Lancet2 streams BAM/CRAM regions via htslib — including remote s3://, gs://, http(s)://, and ftp(s):// URIs — so local copies are never required. O(R) where R = number of overlapping reads in the window.

Read collection uses a two-pass strategy to minimize memory:

  1. Profile pass — iterates the region collecting only qname hashes and base counts without deep-copying sequence data. Computes a coverage-based downsampling threshold from --max-sample-cov.
  2. Extract pass — re-iterates, constructing full Read objects only for the downsampled subset. Mate-pair links are preserved: if one mate is kept, its partner is always kept.
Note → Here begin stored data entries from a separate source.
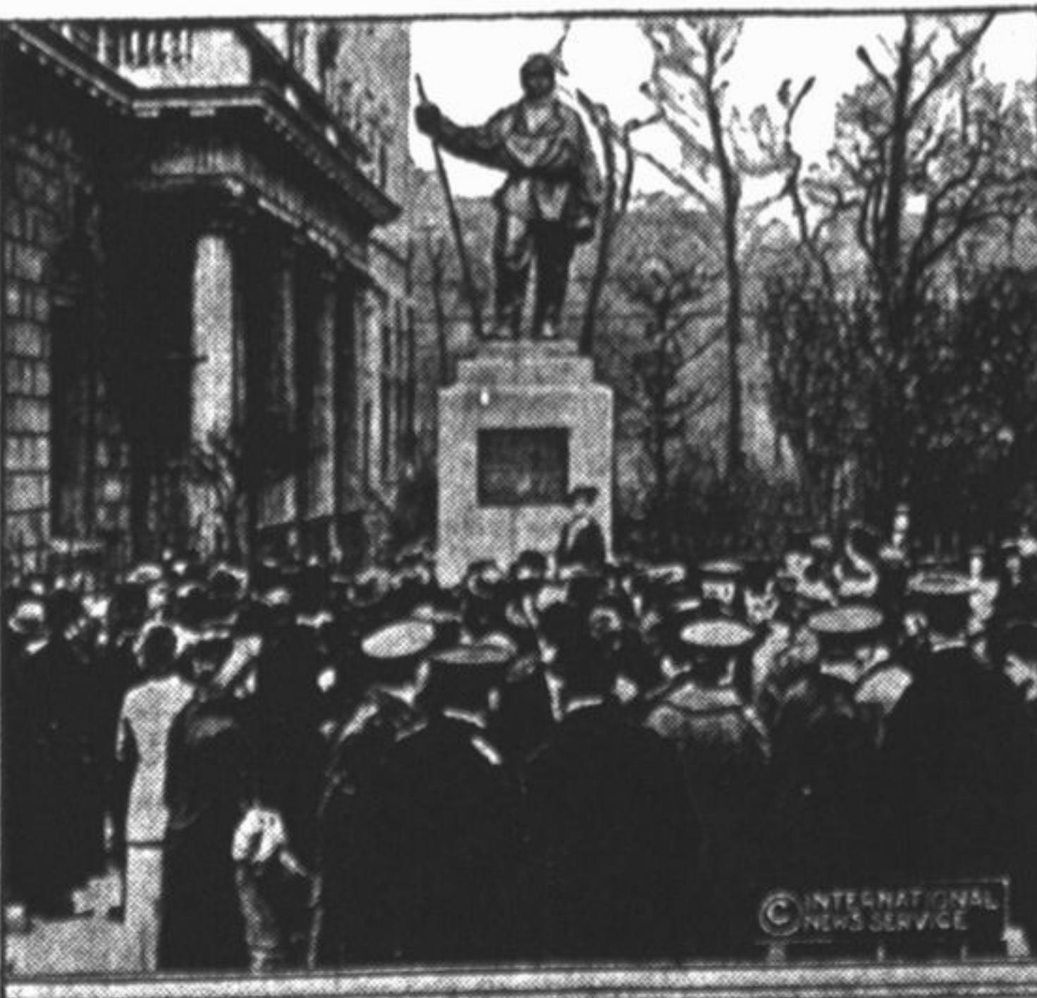
Scene during the unveiling of a monument to Captain Scott, the famous antarctic explorer, in Waterloo place, London.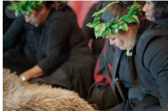
Repatriation Powhiri at Te Papa, 2018.

Te Papa was established with strong bicultural principles, manifested in the co-leadership model, the building design, the inclusion of a marae for all people, and continuing through our commitment to our iwi exhibition programme, and support for iwi in Treaty settlement processes. The repatriation of Māori and Moriori ancestors from overseas museums and university collections, achieved through the administration of the Karanga Aotearoa Repatriation Programme, is an important dimension of reconciliation and healing, restoring dignity and respect to our people.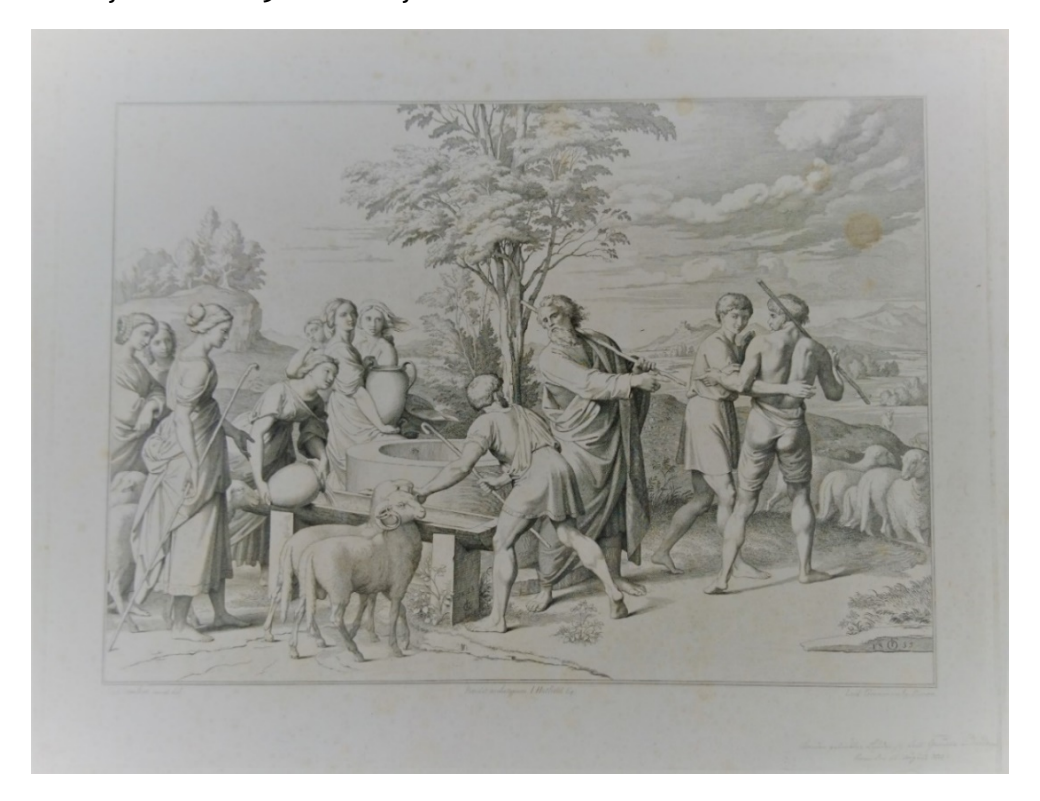
Fig. 1 "Moses Verteidigung der Töchter Jethros gegen die Hirten des Midian", 1838 Ludwig Gruner after a drawing by Friedrich Overbeck Private Collection Heidelberg

The reports in the contemporary German press, however, testify to the assessment of Ludwig Gruner's artistic importance in a time of veneration and multiple reception of the works of Raphael and his school. In the circles of the Nazarenes and their followers, this veneration was extended to the engraver Marcantonio Raimondi, whose early continuing dissemination of Raphael's works in the medium of engraving shaped the image of the artist decisively until the 19th century.<sup>15</sup>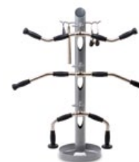
V-MBR-5 (W: 12" D: 12" H: 44") Holds machine attachments 7 pieces (not included)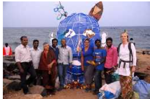
Coastal Environmental awareness Art work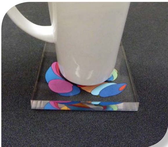
With opaque white ink backing, these coasters can be placed on any color surface and still maintain clear visibility.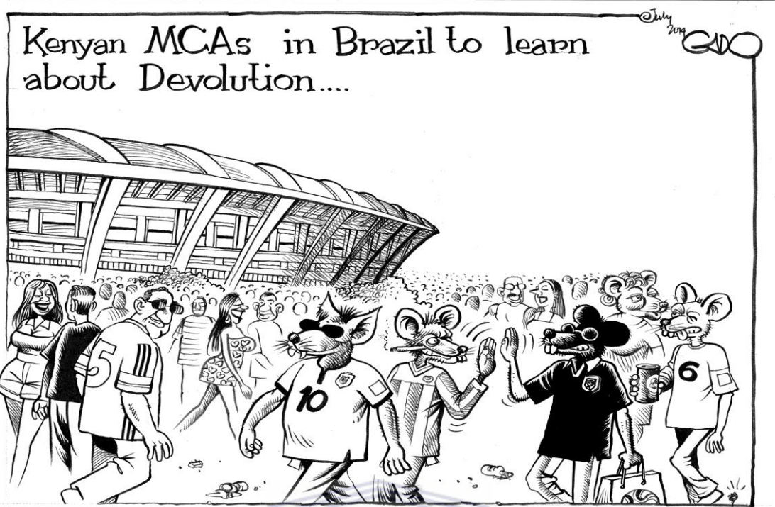
Figure 3.4 MCAs' demands for perks and overseas trips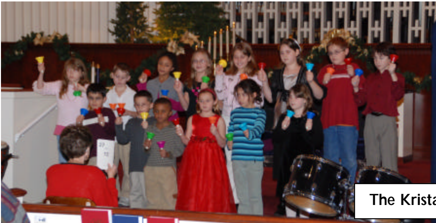
The Kristal Bells

Thanks for coming today – come again soon!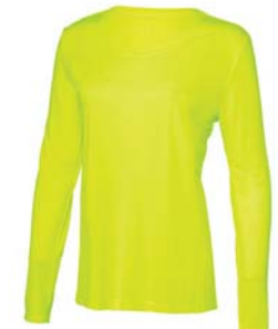
SPORT SAFETY YELLOW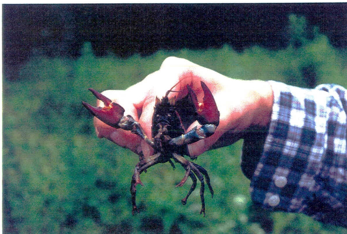
Figure 3.1 d) R. Lambourn at Bagnor (shaded site). June 1998. The signal crayfish ( Pacifastacus leniusculus )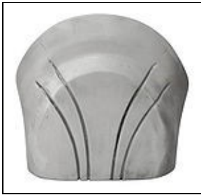
Abdomen Armor For 501st approval:

If the BAM lacks MD tags, --no-active-region is automatically enabled, disabling the fast-skip heuristic that otherwise filters out windows with no evidence of variation.

  • User tuning: --max-sample-cov (default: 1000×) controls the maximum per-sample coverage retained per window.
  • Read more: Native Cloud Streaming

2. Colored Bidirected De Bruijn Graph

Within each window, reads are shredded into k-mers to build a colored bidirected De Bruijn graph. Each node stores a canonical k-mer with two traversal signs (+/-) following the BCALM2 bidirected model. Nodes are tagged by sample role (Control, Case, Reference) for pruning and somatic classification. Each node also tracks per-sample read support independently, so coverage thresholds and ML features operate at individual-sample resolution regardless of the number of input samples.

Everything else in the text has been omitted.